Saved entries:
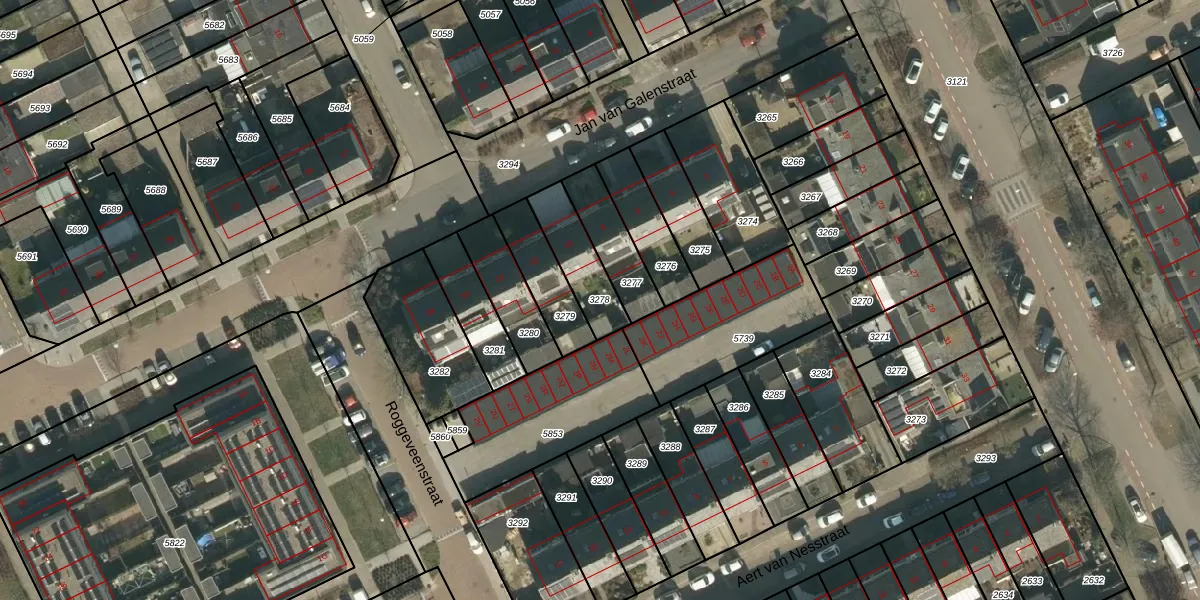 Gebruik de zoekbalk of klik op een perceel om informatie over het perceel te bekijken.
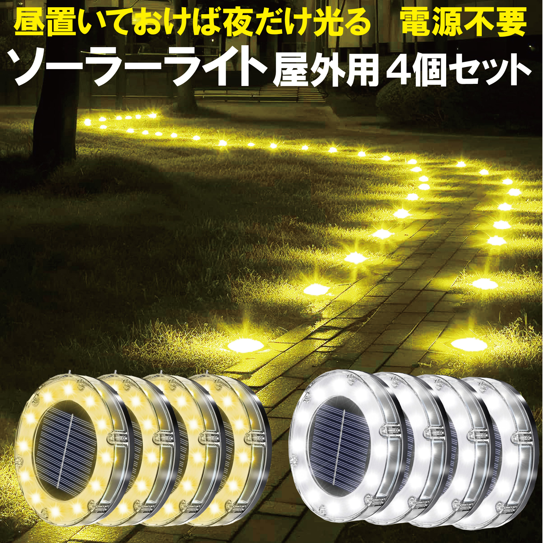 ソーラーライト 屋外 LED ガーデン 防水 4個セット 庭 イルミネーション センサーライト 防犯 花壇 円形 おしゃれ 明るい 置き型 ポイント消化
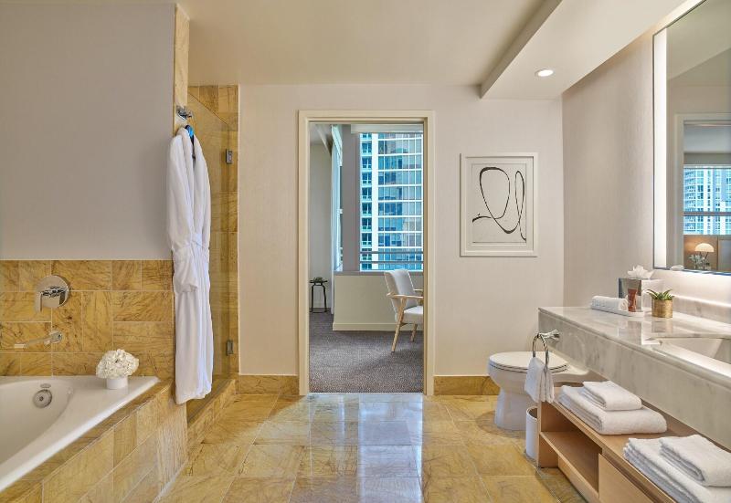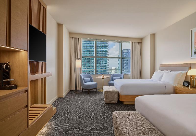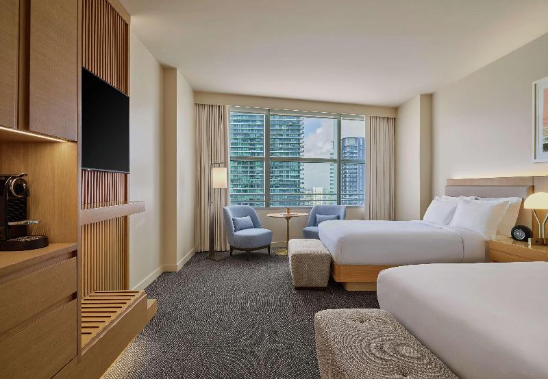 The AKA Brickell Hotel, with its minimalist contemporary design, is situated in the heart of Miami's Brickell financial district, just 15 minutes from Miami International Airport. Its prime location on Brickell Avenue provides easy access to attractions like South Beach, Coconut Grove, and Key Biscayne, and puts a myriad of shops and restaurants within walking distance. Overlooking the sparkling waters of Biscayne Bay, this sleek, downtown hotel offers various accommodations, from guest rooms and studios to one- and two-bedroom suites. Experience Miami's vibrant scene from our rooftop Sky Bar+Grill with refreshing cocktails and Mediterranean bites, or lounge by the pool. Savor international flavors at Zeru Miami, specializing in Basque and Mediterranean cuisine, or enjoy the fresh, vibrant Mediterranean-inspired menu at Adrift Mare by Michelin-starred Chef David Myers.
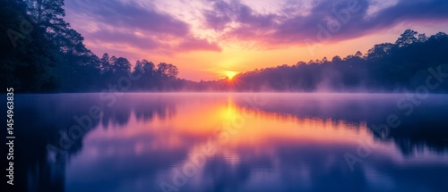 © Qbertstudio, Obraz premium Lake reflects soft hues of sunrise as fog rises from water surrounded by dark silhouettes of forest, creating serene ambiance.
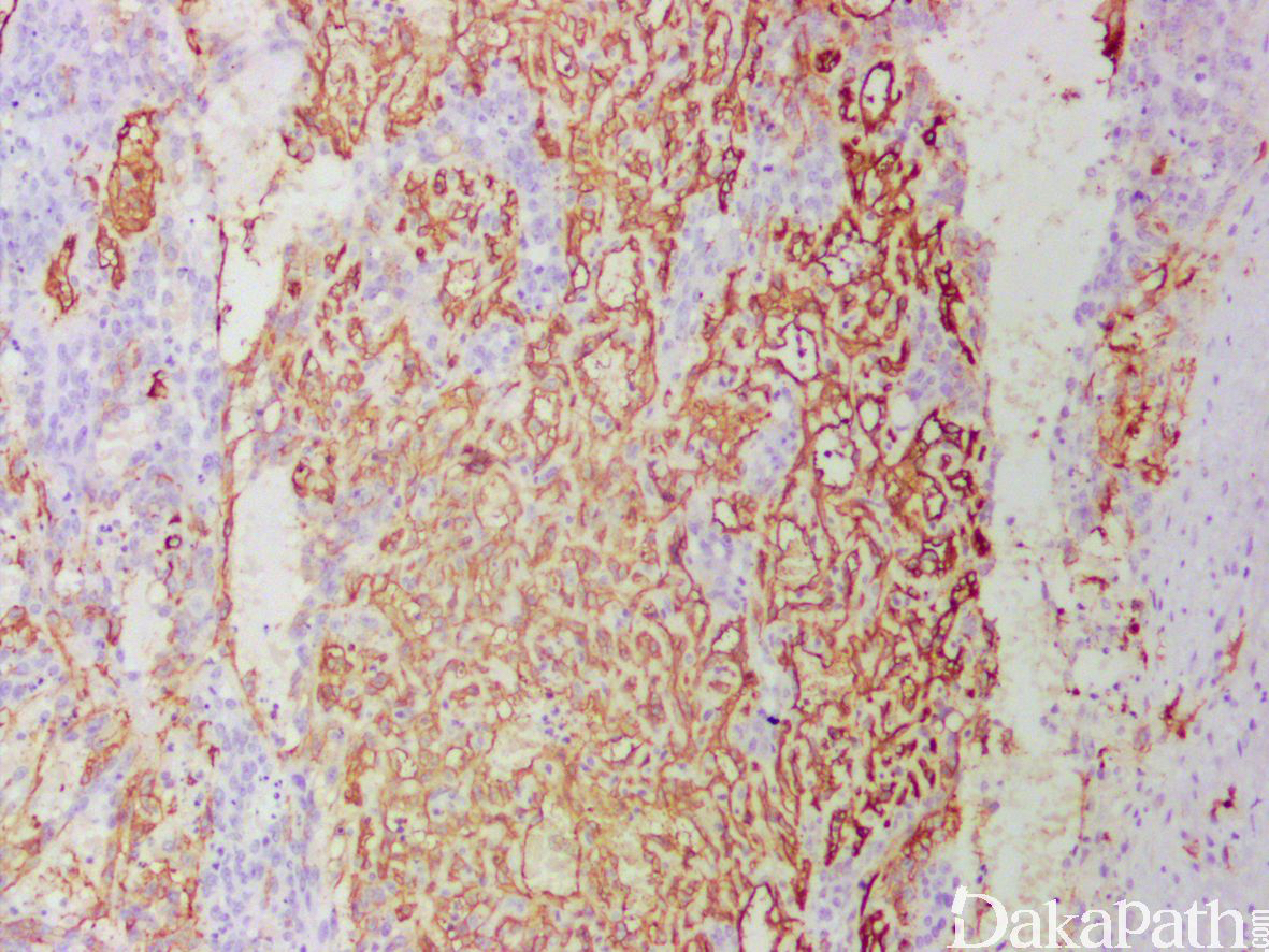 肿瘤性血管形态不规则,通过血窦结构互相连通,并破坏浸润周围组织,有些区域血管的肿瘤性内皮细胞过多,形成出芽、突起或乳头;
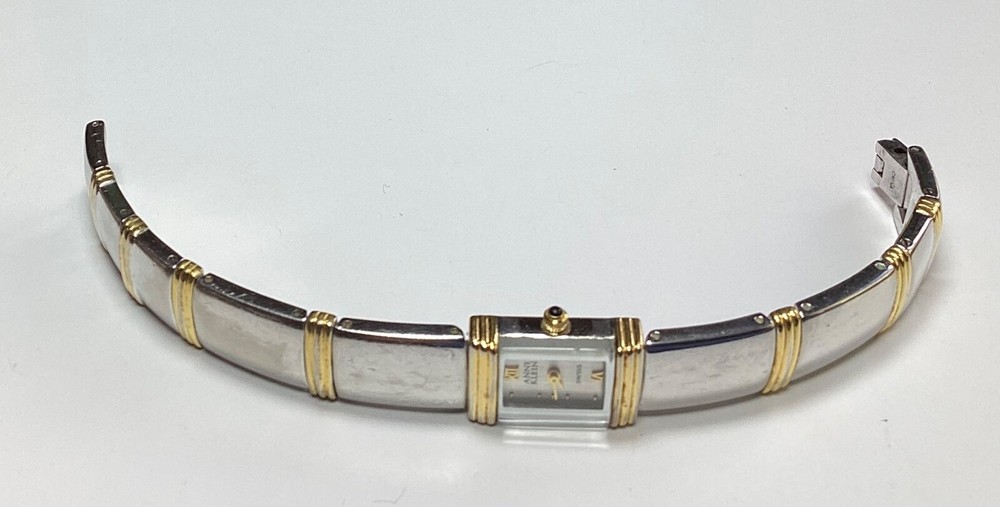 This beautiful Anne Klein wristwatch is a stunning addition to any outfit. With a quartz movement and a 12-hour dial, it is both functional and stylish. The bangle band is comfortable to wear and fits wrists between 5.76-6 inches (146.3-152.4 mm). The case is made of silver and gold, giving it a luxurious look. This wristwatch is perfect for formal occasions and comes with a snap caseback. It does not come with papers, an original box/packaging, or a manual/booklet. The seller does not provide a warranty or guarantee. It is a stunning piece that will make any outfit stand out. 1144
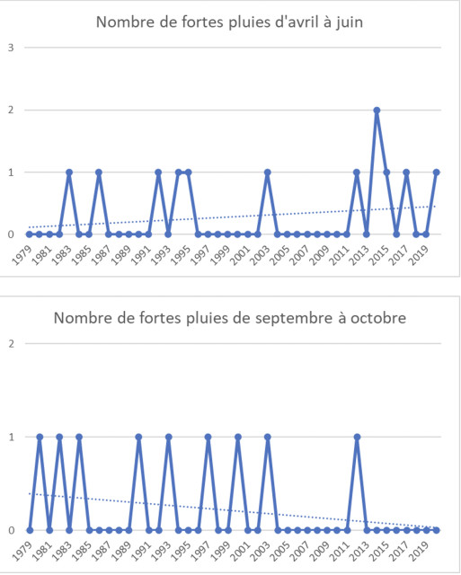 Voici le cumul des précipitations sur les deux périodes déclarées comme excédantes en eau par Jules Charmoy. On remarque une augmentation tendancielle des précipitations d’avril à juin malgré une certaine variabilité interannuelle. Pour septembre/octobre, la tendance est plutôt à la baisse sur les 40 dernières années. Pour les deux graphiques, on remarque que l’année 2020, qui a été relevée comme critique par l’agriculteur, présente effectivement des valeurs plus hautes que les années précédentes. De plus, les deux graphiques ci-dessous présentent le nombre de fortes pluies (> 25 mm/jour) sur les deux périodes, et vont dans le même sens que les précédents. On remarque une forte pluie en 2020 sur le premier graphique, on peut supposer que cela correspond aux 56 mm du 26 mai 2020, déclarés par Jules Charmoy.
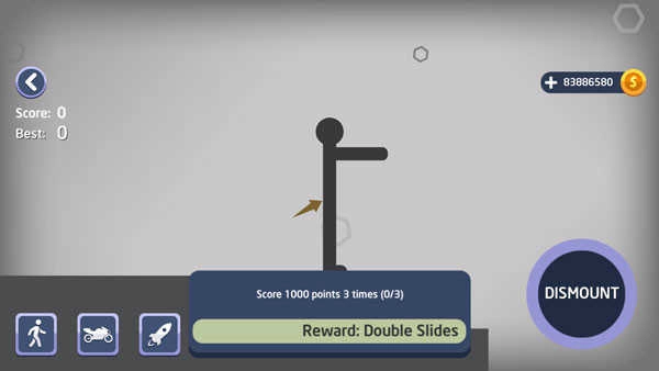 3、长按屏幕左下角的“DISMOUNT”按钮,以此来控制火柴人的移动方向。
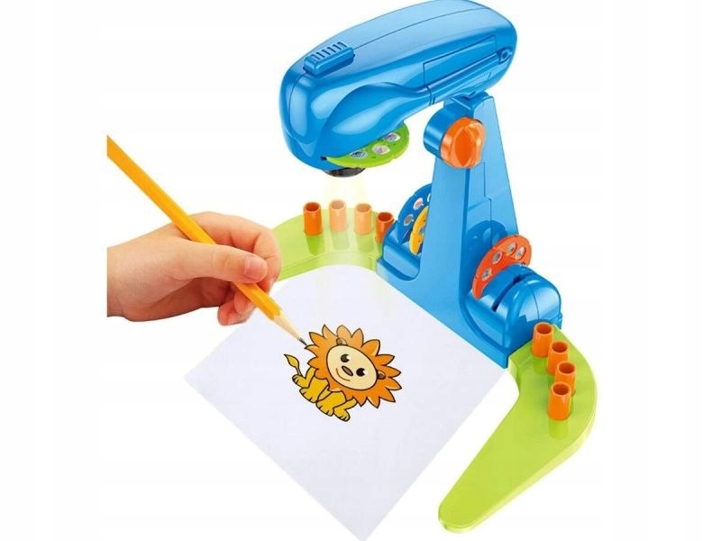 Іграшка має регульовану руку проектора, тому ви можете вільно встановити свою висоту - це чудове рішення, яке робить дитину не покрити і встановити "розмір" креслення. Проектор додатково має регульований об'єктив, щоб ми могли встановити фокус відображеного креслення. Світло лампи проектора повністю безпечне.
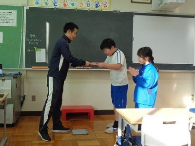 2人の学級代表が感謝状を受けました。
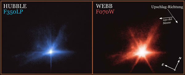Twei groote NASA-Obervatorien Draokenooge un dat Hubble Weltruum-Teleskop möken gliektiedich Upnaohmen van dit besünnere NASA-Experiment. Echt historisch! Dat Bild hier nerrn wiest dei Upnaohmen van Hubble un Webb-Draokenoge. In dat lünke Bild kannst erkennen: Et giff einen lechten Näwel üm den Punkt, dei dat Didymos-Dimorphos-System is, tausaome mit fief Bögespitzen.

■ Work task
The lines to copy begin at the one containing "2人の学級代表が感謝状を受けました。" and end at the last line of the records. Set down exactly those lines and no others, both ends included, and omit all pictures.

■ Reply to the exercise
 2人の学級代表が感謝状を受けました。
Twei groote NASA-Obervatorien Draokenooge un dat Hubble Weltruum-Teleskop möken gliektiedich Upnaohmen van dit besünnere NASA-Experiment. Echt historisch! Dat Bild hier nerrn wiest dei Upnaohmen van Hubble un Webb-Draokenoge. In dat lünke Bild kannst erkennen: Et giff einen lechten Näwel üm den Punkt, dei dat Didymos-Dimorphos-System is, tausaome mit fief Bögespitzen.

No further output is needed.